Yes, the summer of 2006 I lived in the foothills of North Carolina in a little town called Brevard. I spent six weeks at the Brevard Music Center having the best musical summer that's ever happened. It was ideal. Music everywhere. All the time. That may or may not have been directly related to the fact that the only place air conditioning existed on the campus was in the practice rooms. Incentive much? Aside from that, it was a magical place of the first order. Really. For a week and a half leading up to the opera company's performance of The Sound of Music, I would wake up each morning to the resounding ending chords of the reprise of "Climb Evry Mountain" floating in through the trees with the glittering morning sun.
Each morning we were awoken by a trumpeter playing "Reville" and we were sent to bed each night with an equally as talented trumpeter's performance of "Taps". It was lovely; mostly because it was slightly mysterious, as the trumpeter was always stationed far enough away by the lake that the sounds wafted in with the cooler night air. You never really knew where it was coming from. And then one morning, it was different.
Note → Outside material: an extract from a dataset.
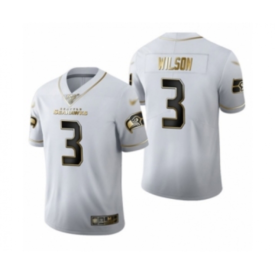 Men's Seattle Seahawks #3 Russell Wilson Limited White Golden Edition Football Jersey

One morning, as we slept peacefully in our cabins on the hill, the low brass got themselves together a little choir of about three tubas, four or five trombones, and four or five euphoniums. They planted themselves right outside of our front porch at 6:00 am, and played Wagner's "
Ride of the Valkyries" with all the gusto and volume they could muster. I don't know if you've ever been startled awake by a full low brass choir playing at fortissimo, but they could have been playing Debussy, and I still would have almost fallen out of my bed. Moral of the story: don't sleep where there are enough brass players to conspire against your slumber.